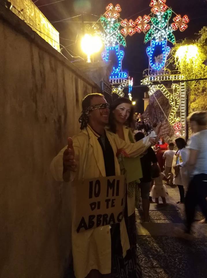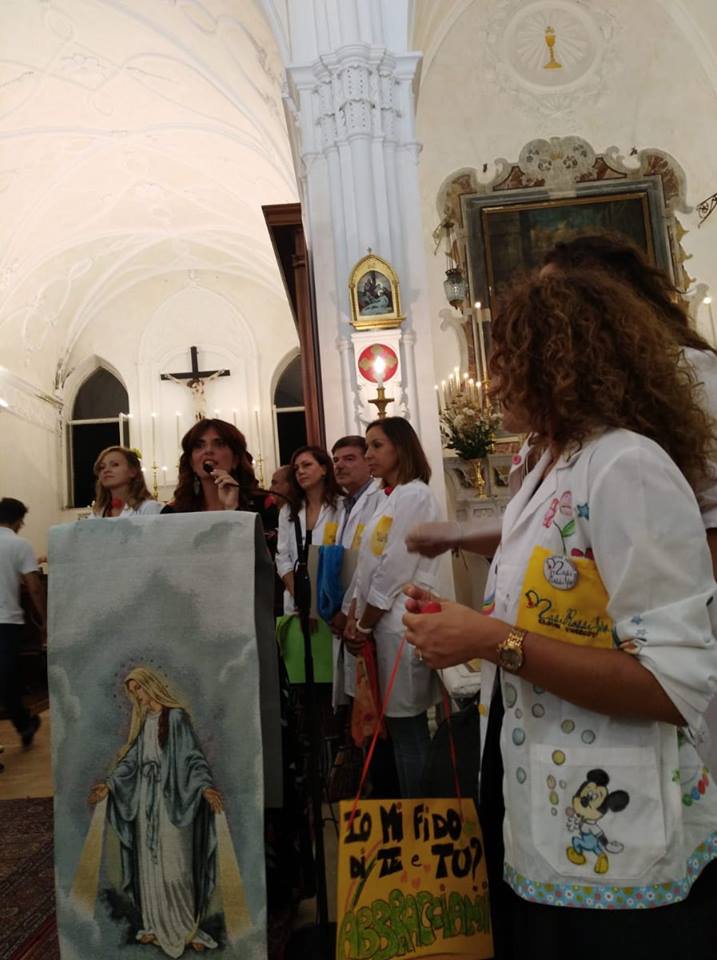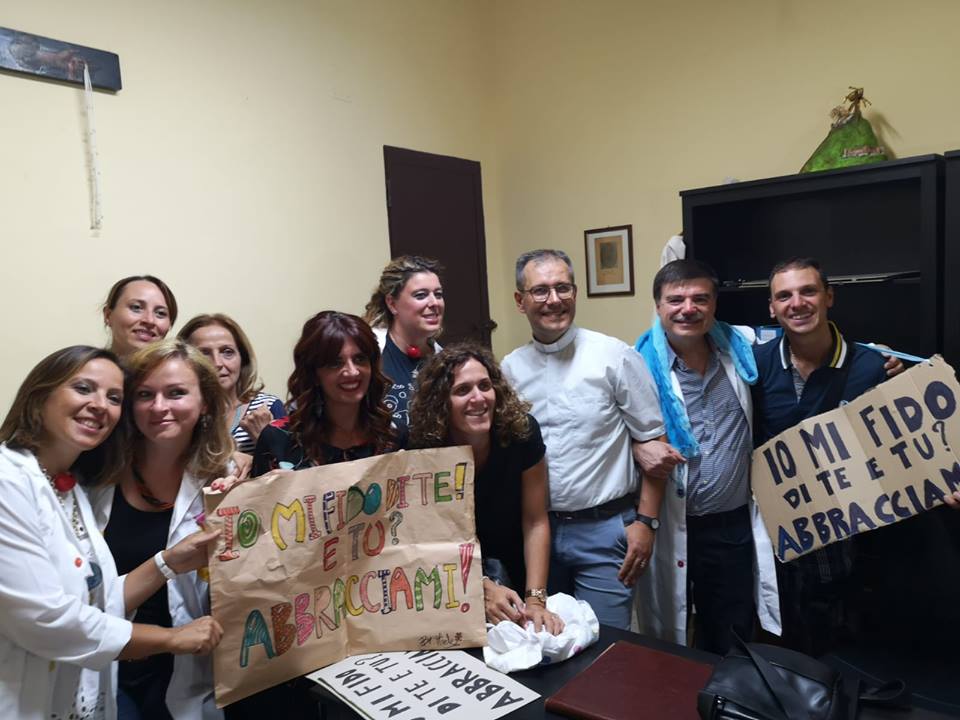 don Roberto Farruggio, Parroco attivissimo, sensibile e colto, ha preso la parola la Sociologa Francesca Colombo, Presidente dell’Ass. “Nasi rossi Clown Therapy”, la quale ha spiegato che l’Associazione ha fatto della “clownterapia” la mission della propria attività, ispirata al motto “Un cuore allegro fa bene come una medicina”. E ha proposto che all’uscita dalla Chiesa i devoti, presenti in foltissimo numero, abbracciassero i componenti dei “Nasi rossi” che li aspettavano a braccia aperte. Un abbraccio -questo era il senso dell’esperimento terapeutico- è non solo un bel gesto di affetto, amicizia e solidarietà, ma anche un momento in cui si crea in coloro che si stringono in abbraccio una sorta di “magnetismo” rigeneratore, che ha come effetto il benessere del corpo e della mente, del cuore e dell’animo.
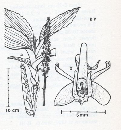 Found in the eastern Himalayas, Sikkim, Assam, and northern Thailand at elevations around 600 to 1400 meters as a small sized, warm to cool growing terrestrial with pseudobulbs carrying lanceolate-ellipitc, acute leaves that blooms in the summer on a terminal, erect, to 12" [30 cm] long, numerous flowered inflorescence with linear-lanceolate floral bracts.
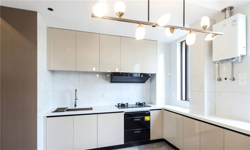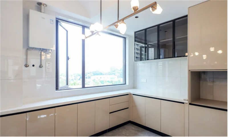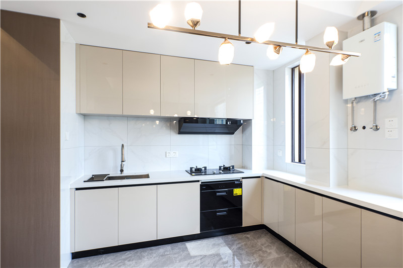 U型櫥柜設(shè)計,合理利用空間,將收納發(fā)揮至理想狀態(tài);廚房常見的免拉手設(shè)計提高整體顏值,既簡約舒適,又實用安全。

> [PROBLEM STATEMENT]
Please copy the data above character for character, skipping any pictures.

> [RESPONSE BOX]
 don Roberto Farruggio, Parroco attivissimo, sensibile e colto, ha preso la parola la Sociologa Francesca Colombo, Presidente dell’Ass. “Nasi rossi Clown Therapy”, la quale ha spiegato che l’Associazione ha fatto della “clownterapia” la mission della propria attività, ispirata al motto “Un cuore allegro fa bene come una medicina”. E ha proposto che all’uscita dalla Chiesa i devoti, presenti in foltissimo numero, abbracciassero i componenti dei “Nasi rossi” che li aspettavano a braccia aperte. Un abbraccio -questo era il senso dell’esperimento terapeutico- è non solo un bel gesto di affetto, amicizia e solidarietà, ma anche un momento in cui si crea in coloro che si stringono in abbraccio una sorta di “magnetismo” rigeneratore, che ha come effetto il benessere del corpo e della mente, del cuore e dell’animo.
 Found in the eastern Himalayas, Sikkim, Assam, and northern Thailand at elevations around 600 to 1400 meters as a small sized, warm to cool growing terrestrial with pseudobulbs carrying lanceolate-ellipitc, acute leaves that blooms in the summer on a terminal, erect, to 12" [30 cm] long, numerous flowered inflorescence with linear-lanceolate floral bracts.
 U型櫥柜設(shè)計,合理利用空間,將收納發(fā)揮至理想狀態(tài);廚房常見的免拉手設(shè)計提高整體顏值,既簡約舒適,又實用安全。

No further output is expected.